YOUR ASSIGNMENT
Look below for the line that contains "新款年年有余食指戒指素圈女小众个性风潮尾戒轻奢开口戒送女友" and the line that contains "Cute children raising", then restate both of them and every line in between, exactly. No picture goes in the copy.

↓

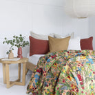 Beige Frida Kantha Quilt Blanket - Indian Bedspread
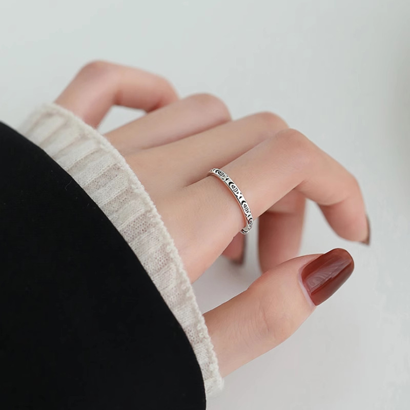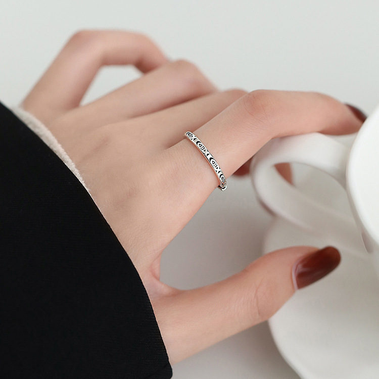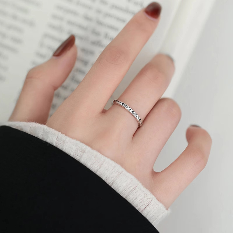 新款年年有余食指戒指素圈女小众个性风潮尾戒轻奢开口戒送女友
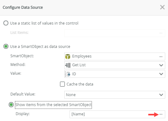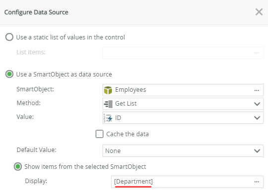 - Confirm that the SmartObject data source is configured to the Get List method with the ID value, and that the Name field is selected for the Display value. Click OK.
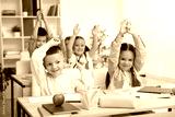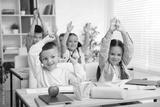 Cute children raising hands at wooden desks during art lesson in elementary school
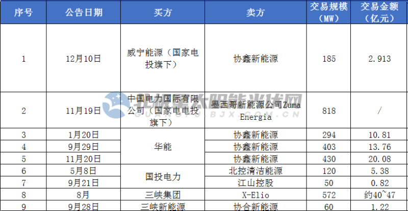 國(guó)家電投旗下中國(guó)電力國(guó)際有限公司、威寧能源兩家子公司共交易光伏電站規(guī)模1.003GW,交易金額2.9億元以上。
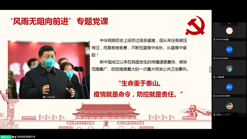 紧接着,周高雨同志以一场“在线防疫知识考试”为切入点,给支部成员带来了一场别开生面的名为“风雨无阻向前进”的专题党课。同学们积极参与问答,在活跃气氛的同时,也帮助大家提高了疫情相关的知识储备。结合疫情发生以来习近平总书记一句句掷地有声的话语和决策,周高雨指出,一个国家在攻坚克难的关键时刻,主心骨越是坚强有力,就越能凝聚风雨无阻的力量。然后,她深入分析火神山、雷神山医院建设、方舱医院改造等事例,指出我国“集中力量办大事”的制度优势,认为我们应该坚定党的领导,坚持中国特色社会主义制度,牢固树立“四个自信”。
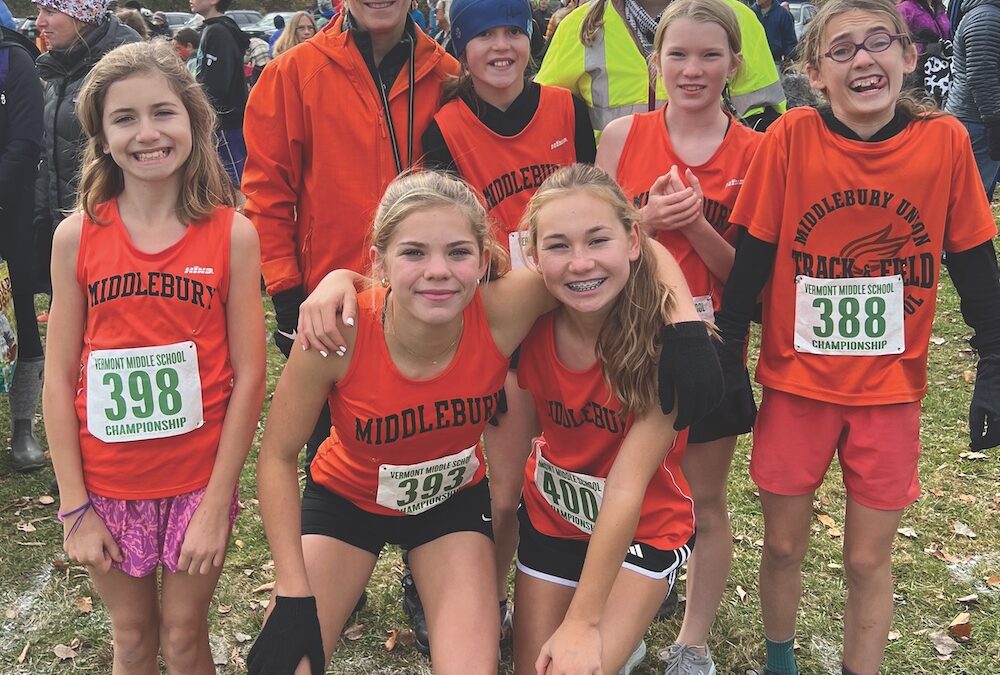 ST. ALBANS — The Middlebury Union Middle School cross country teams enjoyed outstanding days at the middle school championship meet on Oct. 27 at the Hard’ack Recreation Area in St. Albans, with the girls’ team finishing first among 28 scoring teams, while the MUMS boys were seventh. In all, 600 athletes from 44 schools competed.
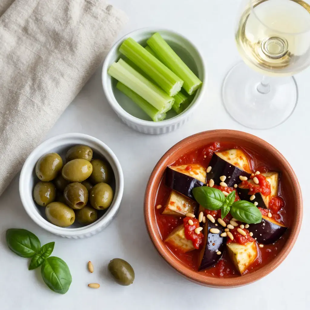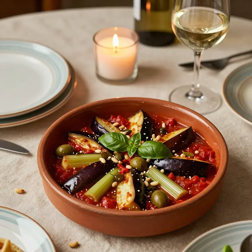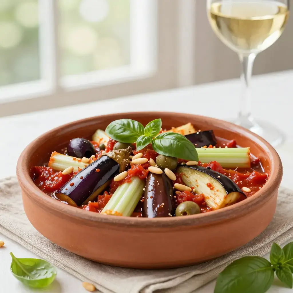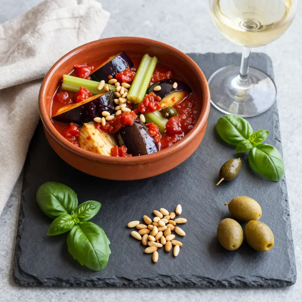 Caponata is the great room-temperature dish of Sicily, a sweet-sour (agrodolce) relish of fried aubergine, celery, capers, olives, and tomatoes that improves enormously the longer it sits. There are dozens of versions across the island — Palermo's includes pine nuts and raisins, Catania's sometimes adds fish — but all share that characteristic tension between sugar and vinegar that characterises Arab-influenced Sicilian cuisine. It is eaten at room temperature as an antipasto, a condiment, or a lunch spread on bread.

↑
↓

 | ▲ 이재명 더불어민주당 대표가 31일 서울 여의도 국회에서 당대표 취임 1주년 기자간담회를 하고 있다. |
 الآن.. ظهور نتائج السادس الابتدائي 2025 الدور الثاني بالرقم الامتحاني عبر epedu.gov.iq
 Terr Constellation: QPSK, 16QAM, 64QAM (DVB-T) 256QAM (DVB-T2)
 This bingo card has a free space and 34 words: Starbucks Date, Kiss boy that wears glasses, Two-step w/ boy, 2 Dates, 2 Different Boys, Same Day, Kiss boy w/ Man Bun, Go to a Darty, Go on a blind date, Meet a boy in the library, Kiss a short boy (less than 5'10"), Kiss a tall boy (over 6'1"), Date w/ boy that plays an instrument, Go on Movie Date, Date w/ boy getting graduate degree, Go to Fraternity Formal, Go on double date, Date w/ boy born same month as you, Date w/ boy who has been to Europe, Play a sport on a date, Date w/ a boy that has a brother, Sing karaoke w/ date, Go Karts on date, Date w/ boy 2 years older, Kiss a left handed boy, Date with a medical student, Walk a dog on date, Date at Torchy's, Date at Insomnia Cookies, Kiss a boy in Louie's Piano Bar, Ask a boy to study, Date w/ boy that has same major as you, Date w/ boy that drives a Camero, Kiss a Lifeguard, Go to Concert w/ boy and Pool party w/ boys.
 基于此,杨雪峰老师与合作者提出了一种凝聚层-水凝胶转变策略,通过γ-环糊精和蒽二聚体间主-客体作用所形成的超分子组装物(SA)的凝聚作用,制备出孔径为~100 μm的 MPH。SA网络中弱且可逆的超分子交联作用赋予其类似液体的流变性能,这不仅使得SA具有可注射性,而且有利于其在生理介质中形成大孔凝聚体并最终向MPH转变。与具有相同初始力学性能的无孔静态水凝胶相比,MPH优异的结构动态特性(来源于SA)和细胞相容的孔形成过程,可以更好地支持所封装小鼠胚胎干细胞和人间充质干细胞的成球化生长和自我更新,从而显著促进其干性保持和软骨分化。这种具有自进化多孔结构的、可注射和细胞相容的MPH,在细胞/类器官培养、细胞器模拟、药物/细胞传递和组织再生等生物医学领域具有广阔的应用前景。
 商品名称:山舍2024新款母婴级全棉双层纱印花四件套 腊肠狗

↑

YOUR RESPONSE
 新款年年有余食指戒指素圈女小众个性风潮尾戒轻奢开口戒送女友
 - Confirm that the SmartObject data source is configured to the Get List method with the ID value, and that the Name field is selected for the Display value. Click OK.
 Cute children raising hands at wooden desks during art lesson in elementary school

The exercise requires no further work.